What polite way to end a cover letter?

Simple greeting

How to finish a cover letter?

Addressing a future employer isn't always easy. Whether you know the recipient of your letter or not, the relationship is still that of an individual who pays for his or her labor. In any case, if you feel that your position as an employee doesn't make your employer a superior, please accept the fact that he's your customer, and as such deserves all the consideration due to that status.

In practical terms, this means that, without showing too much deference, you need to maintain a certain balance in what you say.

The right tone for addressing your future boss

Don't be condescending, obsequious, contemptuous or authoritarian. So prefer a gentle, respectful imperative: "Please accept..." rather than "Please...".

Avoid an overly deferential tone, but don't fall into the opposite trap of being too light-hearted: save the "Cordialement", "Bien à vous" or "Cordiales salutations" for later, as they could be misinterpreted by your interlocutor who is not yet your colleague.

Offer your distinguished or respectful greetings, but be aware that, in principle, only a hierarchical superior is in a position to distinguish his or her subordinate... Your best regards or best feelings will also do the trick.

In all cases, avoid using expressions that are too convoluted... and that you don't know any better than the person you're talking to.

If you're referring to the expression or assurance of your feelings or consideration, just remember that you can't associate them with greetings. So banish "the expression of my greetings" and "the assurance of my greetings...". On the other hand, it's perfectly acceptable to convey or accept greetings.

If you use "Dear Sir or Madam" at the beginning of your letter, include it in your closing address.
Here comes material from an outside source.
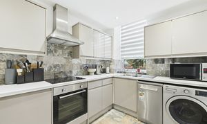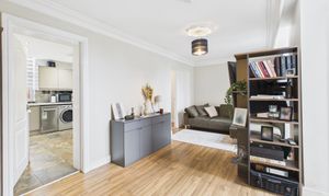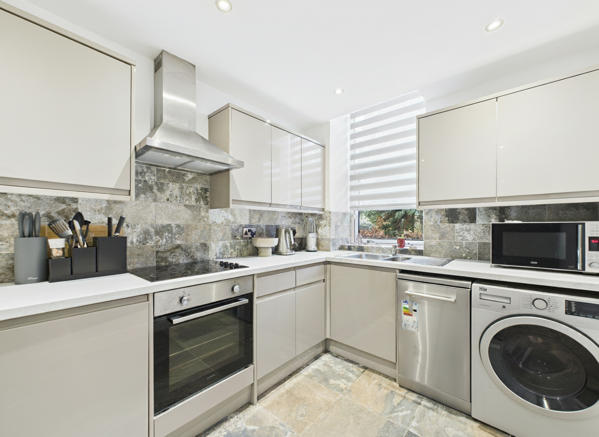 The property features a bright and welcoming lounge/dining room with Juliet balcony, allowing natural light to flood the space, while the contemporary kitchen is finished to a high standard with mushroom-coloured high-gloss wall and base units, integrated cooking appliances and feature splashback tiling.

On the other hand, avoid using a pompous or overlong title: don't use "Je vous prie de croire, Madame la responsable des ressources humaines" or "Monsieur le Président Directeur Général". Save your alexandrines for poetry! As with your salutation, avoid the "Mademoiselle", as it may sound old-fashioned or even contemptuous of your interlocutor.

Finally, in a professional context, never express your feelings and avoid paying your respects (a man can pay his respects to a woman). Remain formal in all circumstances, favoring a cordial tone and common formulas.

Use common polite expressions:

    • Yours respectfully
    • Yours sincerely

Banish polite formulas and incorrect abbreviations:

    • "Yours sincerely".
    • "Please accept, Mr. Director of HR...". Respect the language of recruiter. Monsieur" is abbreviated to "M.", not "Mr", which means "Mister".

Avoid pompous formulas when addressing your interlocutor. Despite his eminence and distinction, he'll still be on his feet to read you and you to write!

    • "Please accept [...] the expression of my deepest respect" or "Please accept my highest consideration".
    • "Please [...] believe Madame, Monsieur, responsable des ressources humaines..." Don't express your gratitude too early.

Keep it simple, concise and don't forget to be yourself! It's easier to be criticized an amphiguric formulation is your simplicity. Keeping your letters simple is a good way, if not the best way, to express your respectful feelings towards the recruiter or your greetings.

Spelling, a mark of respect

Alain, in his Propos sur l'éducation, said: "Spelling is respect; it's a kind of politeness. It would be pointless to apply the above advice if you neglected to spell the polite expressions you had so much trouble choosing! So make sure you always have your application proofread and corrected by a professional writer.